Michael at six-and-twenty was beautiful and serious as she had foreseen him. Frances knew that Michael had genius, and at other moments she was proud of his genius; but at this particular moment, sitting beside her friend and conscious of her jealousy, she was chiefly aware of his body.
Michael's body was quiescent; its beauty gave her a proud, but austere and tranquil satisfaction. It was when she looked at her second son that something caught at her breath and held it. She saw him as the lover and bridegroom of Veronica. Her sense of his virility was terrible to her and delightful.
Perhaps they were engaged already.
And Frances was sorry for Mrs. Jervis, who had borne no sons, who had only borne one unattractive and unsatisfactory daughter. She used to be sorry for her because Rosalind was pink and fat and fluffy; she was sorry for her now because Rosalind was unsatisfactory. She was sorry for Mrs. Norris because her boy could never grow up like Michael or Nicholas or John. She was sorry for Mrs. Vereker because George, though he looked all right when he was by himself, became clumsy and common at once beside Michael and Nicholas and John. George was also in white flannels; he played furiously and well; he played too furiously and too consciously well; he was too damp and too excited; his hair became damp and excited as he played; his cries had a Cockney tang.
Her arrogance nourished itself on these contrasts.
Mrs. Jervis looked wistfully at the young men as they played. She looked still more wistfully at Dorothy.
"What do you do," she said, "to keep your children with you?"
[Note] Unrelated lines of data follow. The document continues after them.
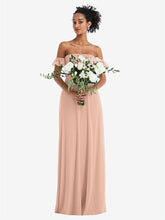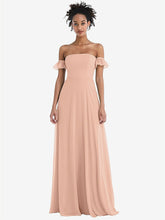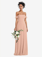 【NEW】【STYLE: TH046】オフショルダー フリル カフ 袖 シフォン マキシ ドレス【COLOR: Pale Peach】【SIZE: 00-30W】
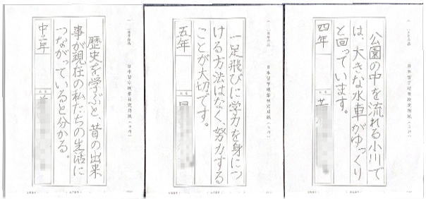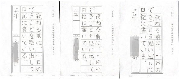 ↓日本習字硬筆展の賞状と作品です。何度も同じ課題を練習するため、文字の癖(クセ)が矯正され、参加した生徒さんは硬筆が大変上達しました。そのまま上手でいるためには教室でだけでなく、普段から整った文字を書くように意識すると良いですね。
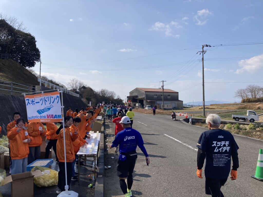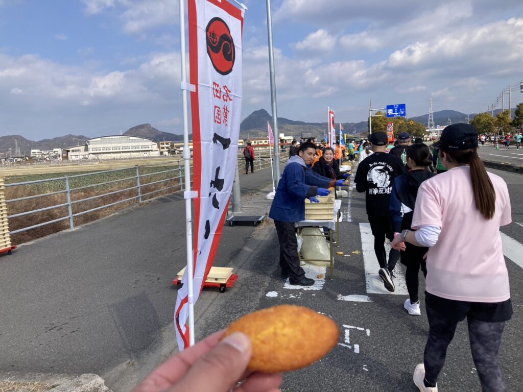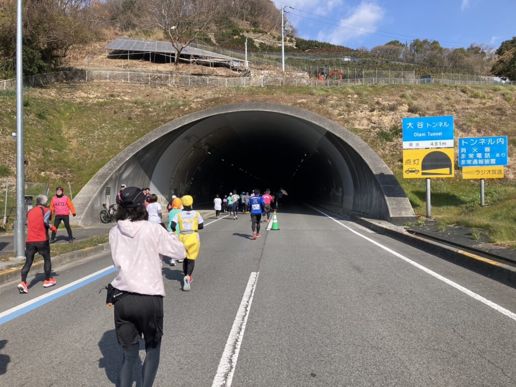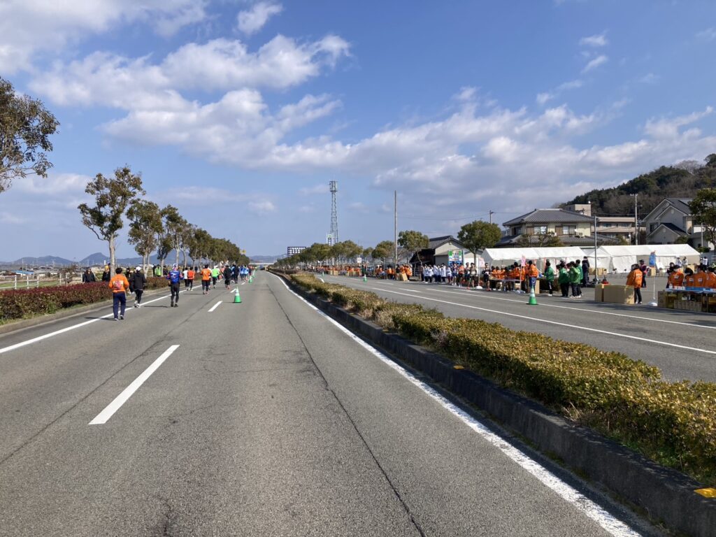 第1関門を通過してしばらく進むと、長い上り坂になります。まだ前半ですが歩いているランナーが多いです。坂を上りきると左側に瀬戸内海が見えてきます。トンネルを2つ通過してしばらく行くと12.2km地点の第2関門です。関門を通過して、トイレに寄って、お接待エイドでコンソメスープをいただきます。エイドを出ると、折り返してきたトップランナーの集団が前方から来ました。さすがに速いです。この辺りからは、だんだん市街地を外れていくので、沿道の応援も減ってきます。とはいえ、今まで参加した他の大会に比べると多くの人が沿道で応援してくれてます。エイドでもすごい人数の学生たちが大声援を送ってくれます。17.5km地点のエイドでは、地元の銘菓・一六のマドレーヌをいただき、17.8kmの第3関門を7分前に通過します。
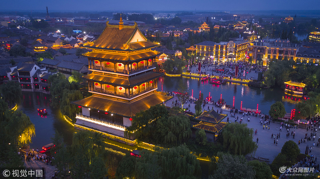 2018年4月29日晚,航拍的山東臺兒莊古城夜景美如畫。圖片作者:高啟民 /視覺中國
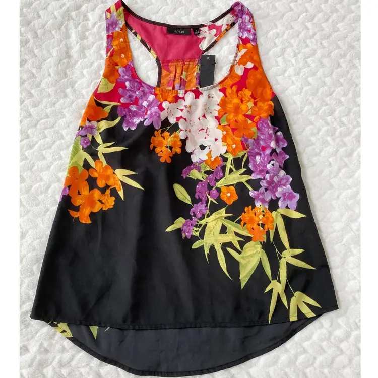 BNWT Apt 9 Floral Racerback Tank Woven tank with back pleats, hi - low top (back is longer than front Bright pink background shifts to black with orange, white purple and green vibrant tropical flowers, lightweight, great for Spring, Summer, beach vacation, tropical getaway
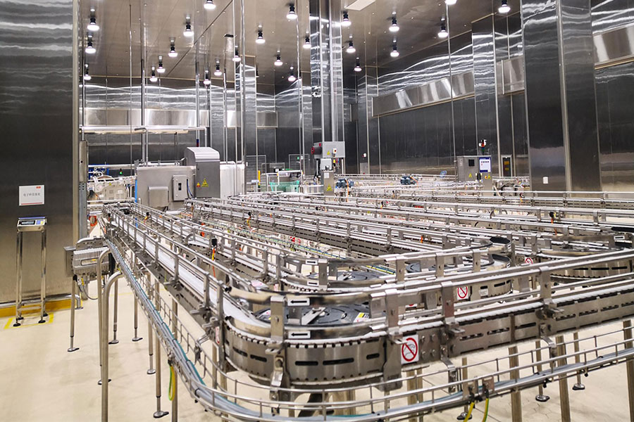 半固態寵物配合飼料生產線由粗粉設備、金屬探測器、細粉設備、自動配料系統、混合機、灌裝機、蒸煮床、滅菌釜、X光機等組成,梅特勒復檢秤等設備,全自動控制保證產品品質穩定的同時也大大減少了操作工人的工作強度。是與利樂公司商業戰略合作,打造國內第一條寵物主食濕糧生產線,采用密封灌裝的利樂佳包裝技術利樂,9層包裝產品,整條生產線耗資數億元,日產能達30噸。
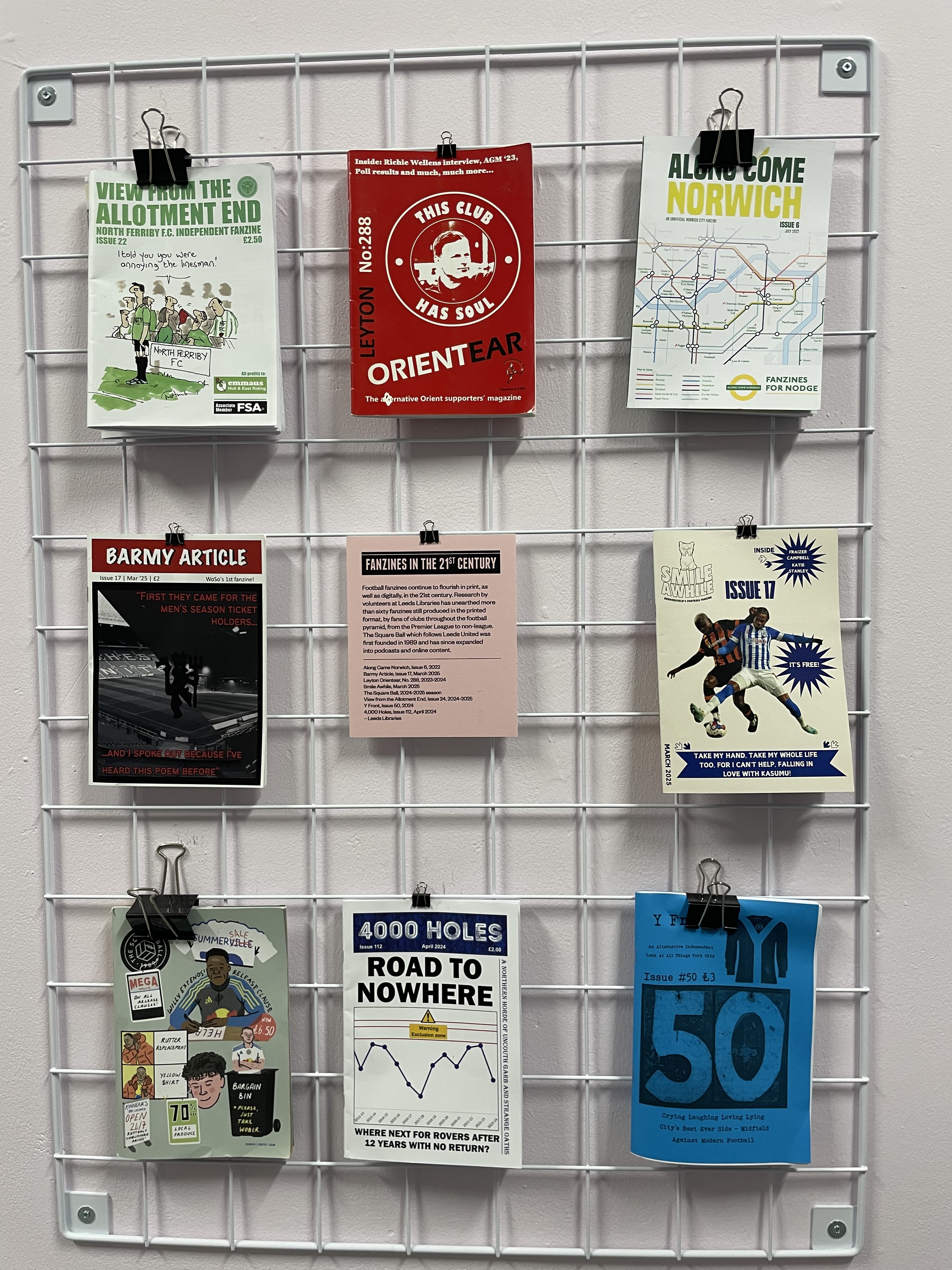 Finally, we want to extend a sincere thank you to everyone who was involved in making the exhibition happen – staff at Leeds Libraries and the British Library, the National Library of Scotland, the National Football Museum; our team of volunteers; all the fanzine creators past and present we’ve engaged with and who’ve offered support, advice, and donations of fanzines; the exhibition design team (Instruct) and the technicians, painters and couriers who’ve done the kinds of physical labour that largely goes unseen in exhibitions and gallery spaces; and, of course, you, the public, the visitors to the exhibition, everyone who’s given us feedback and attended events, and engaged us in conversation, or told us their stories. We cannot thank you enough.

"I do nothing," Frances said. "I don't try to keep them. I've never appealed to their feelings for my own purposes, or taken advantage of their affection, that's all.
"They know that if they want to walk out of the house to-morrow, and stay out, they can. Nobody'll stop them."
There was a challenging, reminiscent glint in Mr. Jervis's eyes, and his wife was significantly silent. Frances knew what they were thinking.